The Democratic Republic of Congo (DRC) has boycotted a United Nations conference in Geneva that reaped hundreds of millions of dollars to help its starving population.

The assembled diplomats and senior aid officials emerging from Room XIX had gathered to raise money for what the UN says is a major, protracted humanitarian crisis in DRC, but without representation from DRC itself, whose government had decided to boycott the event.

It is unprecedented for an affected country to stay away from a UN pledging conference being held for its benefit, but that is what DRC decided to do, accusing the UN of exaggerating the crisis, and talking the country down.

It is certainly true that the UN’s estimates for those in need in DRC are staggering: 13 million people, among them millions of children suffering acute malnutrition.

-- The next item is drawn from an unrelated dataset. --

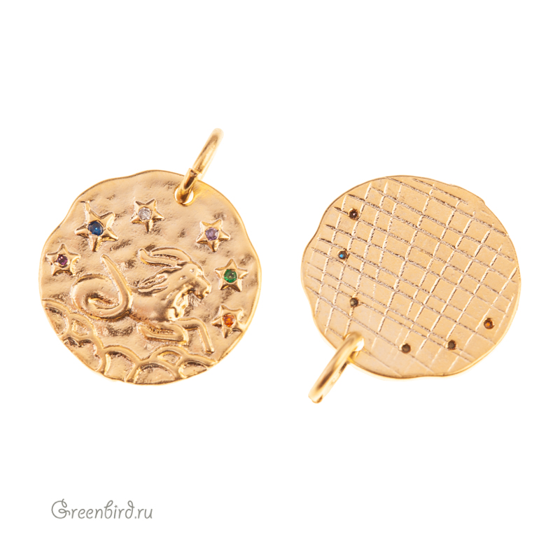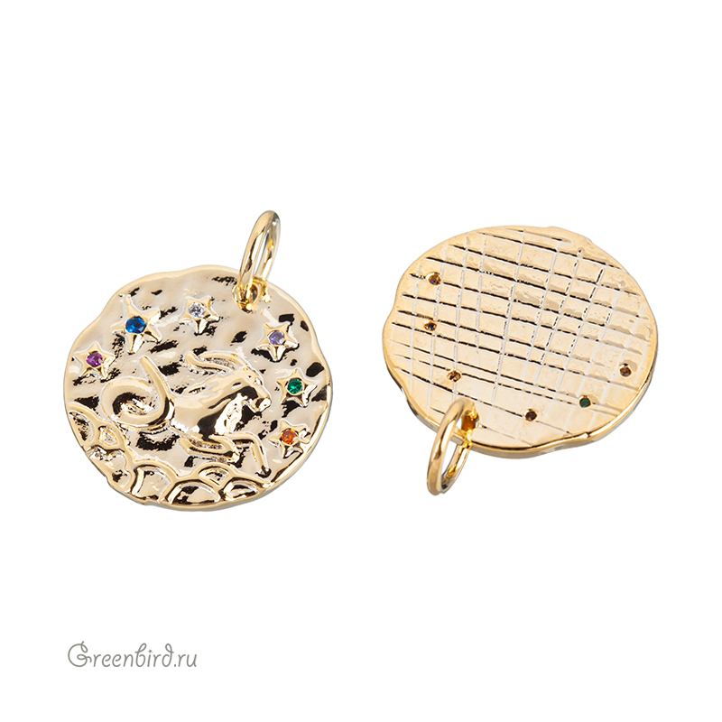 Фурнитура для бижутерии - подвеска односторонняя с зодиакальным символом, украшенная фианитами, с разъемным кольцом. Материал: латунь, покрытие: золото. Цвета фианитов: сиреневый, синий, розовый, оранжевый, зеленый, хрусталь. Размер: 15,1 х 15 мм, толщина: 1,7 мм, кольцо: 5,7 мм, толщина проволоки: 0,9 мм, общая высота: 19 мм. Обратите внимание: в зависимости от партии покрытие может быть глянцевым или более матовым. Возможны наплывы покрытия на фианиты. Производство: Китай. Цена указана за 1 шт.

DRC, which is preparing for elections later this year and is keen to attract investors for its vast mineral resources, is not at all happy to be portrayed as a humanitarian crisis zone, a country on the brink of failure whose survival is dependent on outside help.

It is not the first country, and will certainly not be the last, to be uncomfortable with the negative headlines that tend to accompany massive foreign aid. Haiti has suggested it is weary of a narrative which portrays it as unable to achieve anything on its own.